:: Problem to solve ::
From the entries below, count the lines holding the word "with" and give nothing but the number.

:: Provided records ::
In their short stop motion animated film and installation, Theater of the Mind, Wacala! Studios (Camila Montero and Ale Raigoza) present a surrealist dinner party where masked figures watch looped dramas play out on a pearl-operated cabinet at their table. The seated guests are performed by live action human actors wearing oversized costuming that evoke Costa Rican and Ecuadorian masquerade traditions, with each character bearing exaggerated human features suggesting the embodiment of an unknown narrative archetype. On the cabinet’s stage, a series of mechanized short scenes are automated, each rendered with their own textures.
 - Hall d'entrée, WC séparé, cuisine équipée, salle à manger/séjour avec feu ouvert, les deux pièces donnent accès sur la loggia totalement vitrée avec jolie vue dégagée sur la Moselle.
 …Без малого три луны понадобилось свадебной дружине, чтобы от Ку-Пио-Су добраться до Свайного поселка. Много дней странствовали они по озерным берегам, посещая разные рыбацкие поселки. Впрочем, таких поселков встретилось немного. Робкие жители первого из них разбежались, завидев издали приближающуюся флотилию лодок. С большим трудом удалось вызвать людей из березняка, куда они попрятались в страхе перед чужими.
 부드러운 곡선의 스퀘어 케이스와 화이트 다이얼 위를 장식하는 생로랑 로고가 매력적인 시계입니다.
==
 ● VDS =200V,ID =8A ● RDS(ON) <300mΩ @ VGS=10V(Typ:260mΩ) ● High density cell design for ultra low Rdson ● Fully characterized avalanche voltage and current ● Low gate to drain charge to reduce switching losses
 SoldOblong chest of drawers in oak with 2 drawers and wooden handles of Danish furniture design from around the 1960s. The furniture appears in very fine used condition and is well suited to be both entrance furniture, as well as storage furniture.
* * *
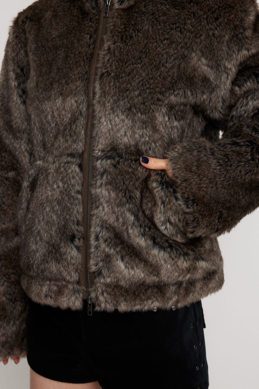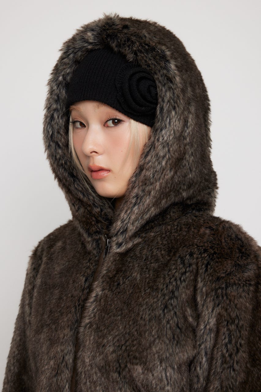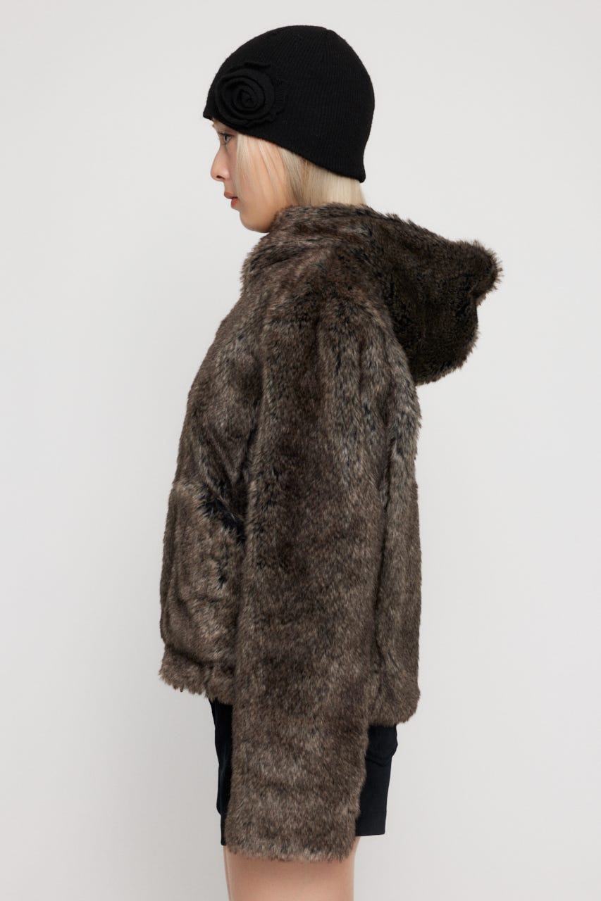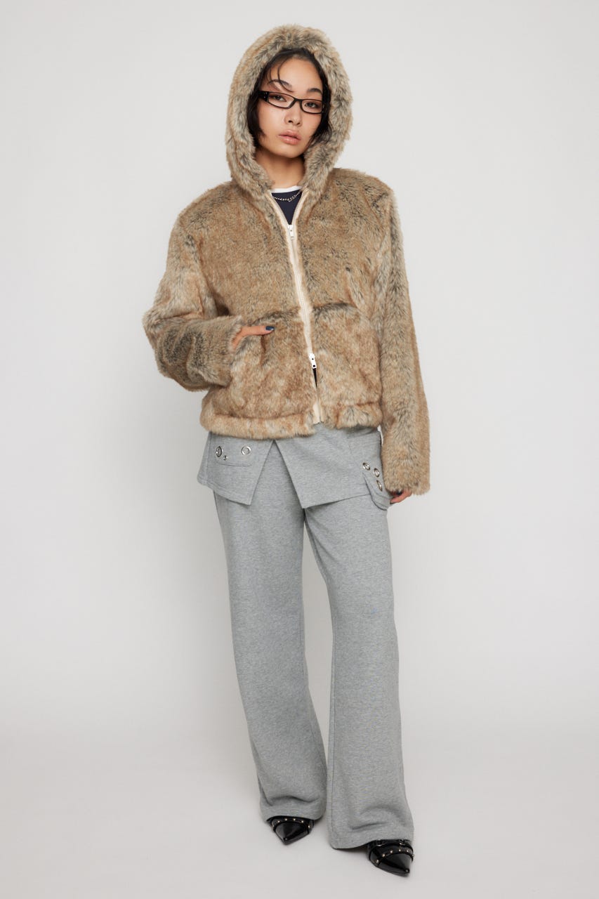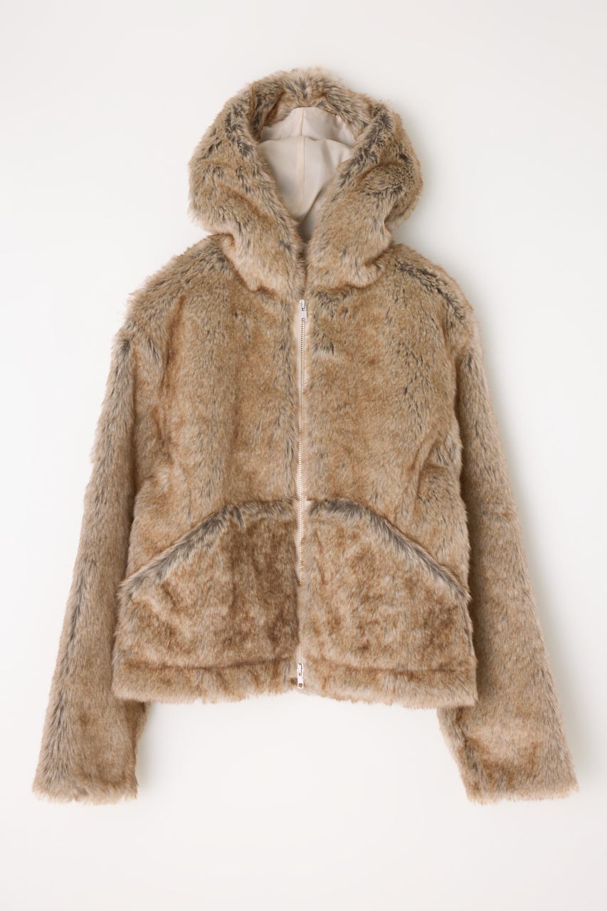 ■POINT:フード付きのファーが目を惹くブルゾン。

:: Answer section ::
2